Economía y EmpresaSociedad

Consumo colaborativo, la nueva forma de entender el mundo

La sociedad consumista puede que aún no esté llegando a su fin, pero cada vez son más las personas que creen que no merece la pena comprar aquello que no se necesita. Por primera vez poder acceder a un bien supera en índice de satisfacción al hecho de poseerlo.

La digitalización de contenidos ha permitido al usuario caer en la cuenta de que lo que realmente deseamos no es el disco en sí, sino la música que está grabada en él. Servicios como Spotify cubren las necesidades de un público que se conforma con poder acceder a una determinada canción cuando le apetezca. Esta tendencia, asentada en la mente de muchos ciudadanos hace años, ha escalado posiciones como consecuencia de la crisis. Y hoy los potenciales consumidores, antes de comprar, tienen un gesto que lo cambia todo: se paran a reflexionar si realmente necesitan ese bien. Y si la respuesta es positiva y la persona concluye que realmente tiene esa necesidad, establece un segundo paso: ¿puedo conseguirlo por otro medio y evitarme así la compra?

Palabras como compartir, intercambiar, prestar, alquilar o regalar adquieren otro significado en estos tiempos, con un papel mucho más relevante y una dimensión desconocida, gracias a Internet. Nuestro pequeño mundo local ha pasado a convertirse en global y las nuevas tecnologías hacen posible el consumo colaborativo de una manera más eficaz.

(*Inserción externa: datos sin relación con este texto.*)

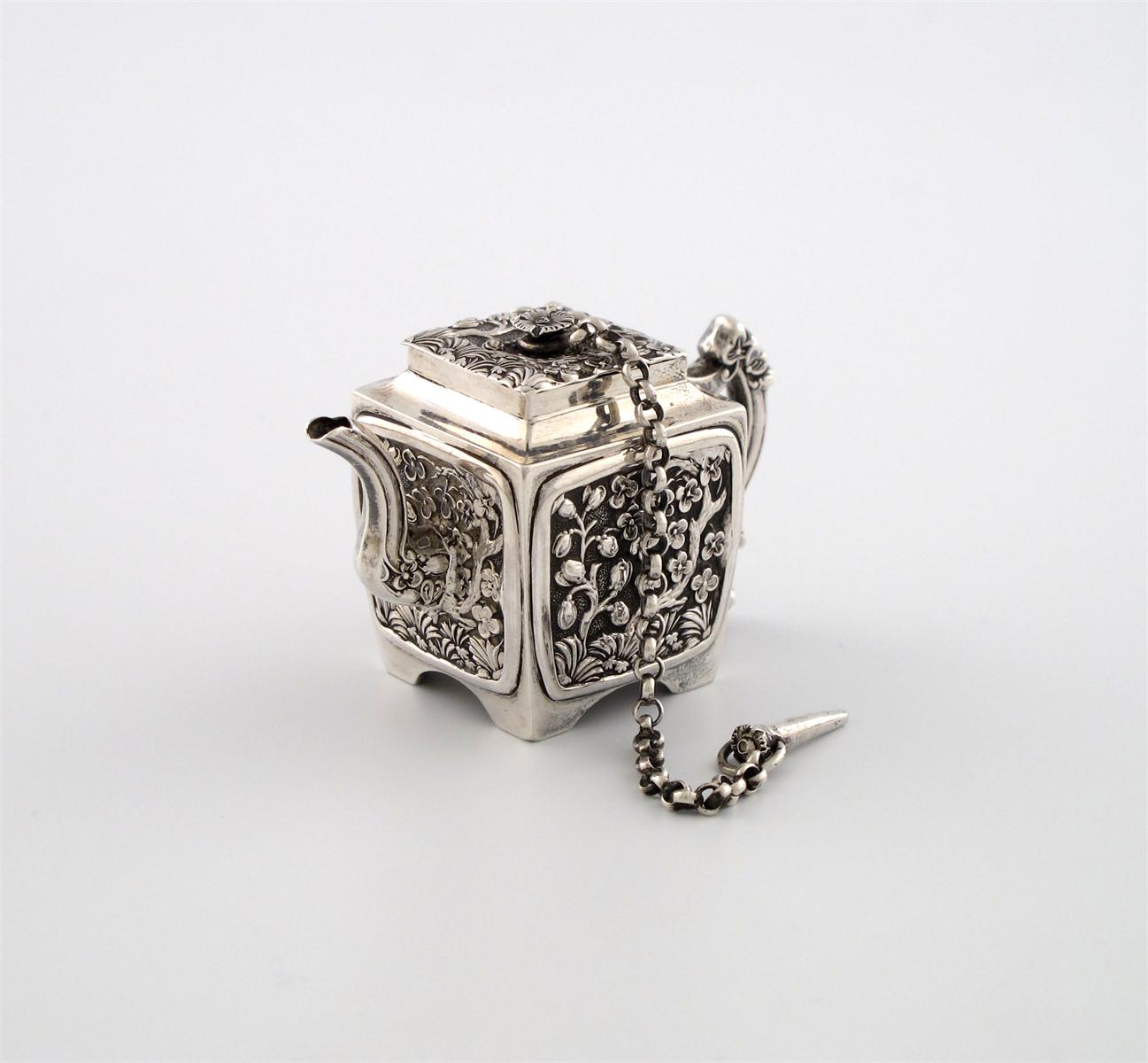 An early-Victorian miniature silver Chinoiserie teapot

El libro “What’s mine is yours: the rise of collaborative consumption” es la biblia del consumo colaborativo. Constantemente surgen iniciativas que nos llevan hasta esta nueva forma de vida, asentándose en la sociedad sin que tan siquiera nos demos cuenta. Hoy pagamos por el beneficio de utilizar un producto sin necesidad de adquirirlo, por ejemplo cuando compartimos coche. Somos capaces de redistribuir los bienes usados orientándolos hacia otras personas, por ejemplo con las tiendas de segunda mano o un servicio de intercambio de ropa. Y no sólo compartimos materiales, sino también espacio para trabajar (coworking) o para aparcar (parkatmyhouse). Hay personas que, altruistamente, ceden el sofá de su casa para que viajeros desconocidos puedan pasar la noche (couchsurfing). Son quienes, incluso sin saberlo, demuestran que el consumo colaborativo, más que una moda, es una nueva forma de entender el mundo.